O projeto Link Vale do Pinhão e Ecossistemas Metropolitanos de Inovação, maior evento de inovação aberta do Paraná, está com inscrições abertas para a participação de startups, pesquisadores e empreendedores de Curitiba e região que queiram fechar negócios com oito grandes empresas paranaenses: Bosch, Furukawa, CNH, O Boticário, Ademicon, Magius Metalúrgica, Klabin e Volvo.
Criado como uma espécie de Tinder do mundo dos negócios, o Link Vale do Pinhão tem como objetivo efetivar novos contratos na capital paranaense e região, promovendo o contato entre quem tem um problema a ser resolvido e quem tem uma solução inovadora.
Com 64 oportunidades de produtos e serviços a serem desenvolvidos, esse público pode se inscrever para o Matchmaking, dia 17 de junho, que é etapa presencial do Link Vale do Pinhão. Entre as oportunidades dos oito demandantes, estão pedidos de desenvolvimento de assistentes virtuais; automatização de tarefas; ESG; experiência dos clientes; análise de mercado; inteligência artificial; indústria 4.0; integração de dados; prospecção tecnológica; recursos humanos; suprimentos e logística.

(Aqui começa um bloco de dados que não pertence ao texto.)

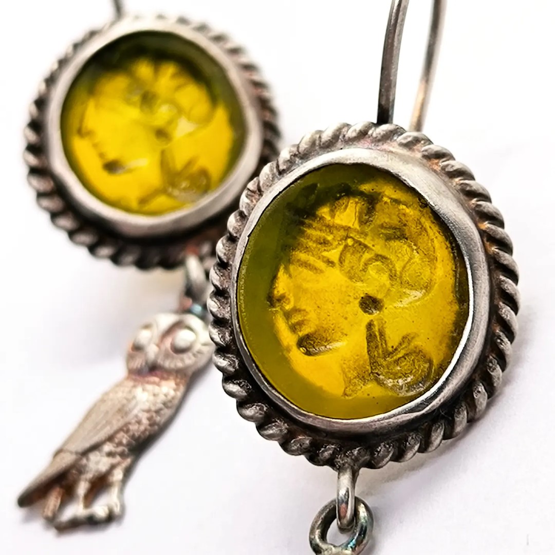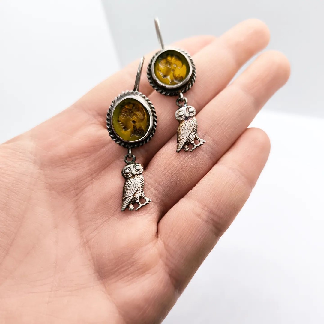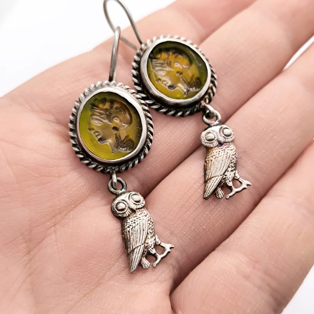 Athena ve Baykuş! Dünyaca ünlü Antik Grek sikkesinden esinlenerek tasarladığımız @medusantik eseri muhteşem küpemiz! Taşı sarı renkte preslenmiş negatif intaglio camdır, cam üzeri intaglio Athena başı oyulup alt kısmını ise sallanan baykuş ile süslediğimiz antik Grek stilde gümüş küpemiz!

“Estamos unindo as grandes empresas da nossa região metropolitana, que apresentarão suas dores em um pitch invertido, para fazer match com as startups e outras instituições dispostas a desenvolver a solução para essas dores”, explica Dario Paixão, presidente da Agência Curitiba de Desenvolvimento e Inovação.
O Matchmaking é o único momento do Link Vale do Pinhão em que empresas contratantes (“demandantes”) vão se encontrar, frente a frente, com os potenciais interessados em propor uma solução a ser contratada (“solucionadores”), em um ambiente para troca de informações e tira-dúvidas. O Matchmaking será realizado das 8h30 às 16h30 na Ligga.
Encontro às escuras
Até o dia do Matchmaking, é possível saber apenas o que os demandantes de produtos e serviços pretendem contratar. São 64 oportunidades, que podem ser conferidas no site do evento.
Como em um blind date (encontro às cegas), as startups e outras instituições dispostas a oferecer a solução só vão saber no dia do Matchmaking quem propôs cada demanda. No evento, as grandes empresas vão fazer um “pitch invertido”: em vez de oferecer seu produto, vão detalhar os problemas que querem resolver e para os quais estão dispostos a contratar o solucionador.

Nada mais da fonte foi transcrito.